MOSCOW, February 27 - RIA Novosti, Vladimir Yaduta. Former Ukrainian Prime Minister Yulia Tymoshenko's lawsuit against RosUkrEnergo and its co-owner Dmitry Firtash, submitted to a New York federal court will be considered under a special pilot project.

Tymoshenko sued RosUkrEnergo's Swiss trader and Firtash, claiming that they misappropriated $1.7 billion with Gazprom and violated federal law, including the Racketeer Influenced and Corrupt Organizations Act.

Tymoshenko's lawsuit is centered on a 2009 gas conflict after negotiations stalled between Kiev and Moscow on gas supplies to Ukraine and their transit to Europe.

In the absence of a supply contract, Russia stopped supplying gas to Ukraine and then to Europe as Kiev started siphoning off gas for its own needs.

Russia's Gazprom and Ukraine's Naftogaz refused mediators' services, particularly RosUkrEnergos, which eventually contested the ownership of 11 billion cubic meters of gas in the Stockholm Arbitration Tribunal.

Tymoshenko believes that yielding to Firtash's pressure, the tribunal obligated Naftogaz to return to RosUkrEnergo the gas taken in January 2009.

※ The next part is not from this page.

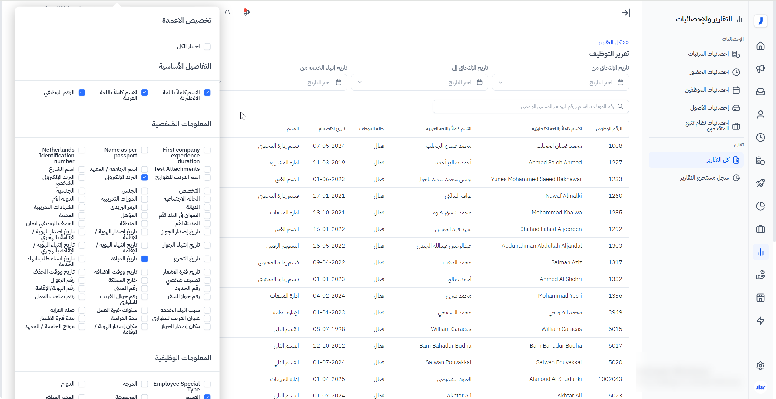 يعرض هذا التقرير تفاصيل قائمة الموظفين الذين تمت إضافتهم على النظام ( سواء النشطين أو غير النشطين ) وتفاصيل بياناتهم ( الشخصية والوظيفية والمالية ) ، بحيث يتم اختيارها قبل إنشاء التقرير ، كذلك يمكن إستخدام خيارات البحث بين تواريخ الإلتحاق او تواريخ إنهاء الخدمات ، مع توفر خيارات البحث وتخصيص المعلومات والفرز في التقرير قبل التصدير .

Tymoshenko earlier extended the list of defendants in her lawsuit against RosUkrEnergo and Firtash. It now includes Fuel and Energy Minister Yuri Boyko, head of the security service Valery Khoroshovski and Prosecutor General Viktor Pshonka.

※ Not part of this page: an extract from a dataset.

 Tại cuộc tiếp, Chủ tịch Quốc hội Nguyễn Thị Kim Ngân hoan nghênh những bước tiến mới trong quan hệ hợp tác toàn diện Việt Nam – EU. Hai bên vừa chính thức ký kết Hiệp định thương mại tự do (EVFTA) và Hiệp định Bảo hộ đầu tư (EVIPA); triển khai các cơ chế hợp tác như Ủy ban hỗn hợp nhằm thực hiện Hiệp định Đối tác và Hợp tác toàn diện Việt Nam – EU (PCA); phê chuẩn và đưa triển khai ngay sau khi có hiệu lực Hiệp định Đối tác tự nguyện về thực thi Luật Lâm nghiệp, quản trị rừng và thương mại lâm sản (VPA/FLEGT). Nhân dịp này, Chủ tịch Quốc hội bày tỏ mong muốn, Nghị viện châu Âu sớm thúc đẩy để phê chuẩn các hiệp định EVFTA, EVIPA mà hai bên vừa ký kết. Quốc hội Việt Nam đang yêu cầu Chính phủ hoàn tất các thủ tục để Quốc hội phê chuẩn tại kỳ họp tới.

The list also names Semyon Mogilevich, whom the FBI has been hunting for years, Paul Manafort, President Viktor Yanukovych's political consultant, First Deputy General Prosecutor Renat Kuzmin, and prosecutor Lilya Frolova, who represents the prosecution in the trial against Tymoshenko.

The summonses have been sent to all the co-defendants.

The lawsuit against Tymoshenko will be considered as part of a pilot project launched by the court in November. The project is oriented around complicated civil suits.

These are, first and foremost, class suits, disputes between shareholders, antimonopoly disputes, and disputes dealing with securities, manufacturers liability, and intellectual property protection.

The project seeks to unify the proceedings in such complicated cases, particularly procedures in pretrial hearings.

The project was initiated in early 2011 by a New York court committee seeking to improve the legal proceedings headed by Shira Scheindlin considering the case of alleged arms dealer Viktor Bout.